Вот пример использования symfit
.В качестве примера я выбираю выборку из двумерного нормального распределения без ковариации.
import numpy as np
import matplotlib.pyplot as plt
from symfit import Model, Fit, Parameter, Variable, integrate, oo
from symfit.distributions import Gaussian
from symfit.core.objectives import LogLikelihood
# Make variables and parameters
x = Variable('x')
y = Variable('y')
m = Variable('m')
x0 = Parameter('x0', value=0.6, min=0.5, max=0.7)
sig_x = Parameter('sig_x', value=0.1)
y0 = Parameter('y0', value=0.7, min=0.6, max=0.9)

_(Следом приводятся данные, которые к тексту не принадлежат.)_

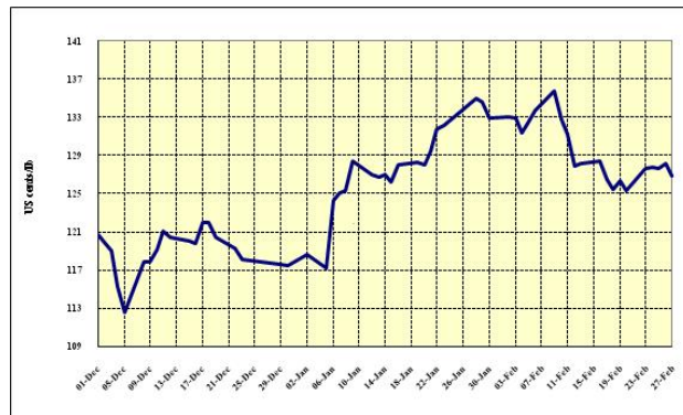
Graphique 3 : Prix indicatifs quotidiens des Autres doux 1 décembre 2008 – 27 février 2009

sig_y = Parameter('sig_y', value=0.05)
pdf = Gaussian(x=x, mu=x0, sig=sig_x) * Gaussian(x=y, mu=y0, sig=sig_y)
marginal = integrate(pdf, (y, -oo, oo), conds='none')
print(pdf)
print(marginal)
model = Model({m: marginal})
# Draw 10000 samples from a bivariate distribution
mean = [0.59, 0.8]
cov = [[0.11**2, 0], [0, 0.23**2]]
xdata, ydata = np.random.multivariate_normal(mean, cov, 10000).T
# We provide only xdata to the model
fit = Fit(model, xdata, objective=LogLikelihood)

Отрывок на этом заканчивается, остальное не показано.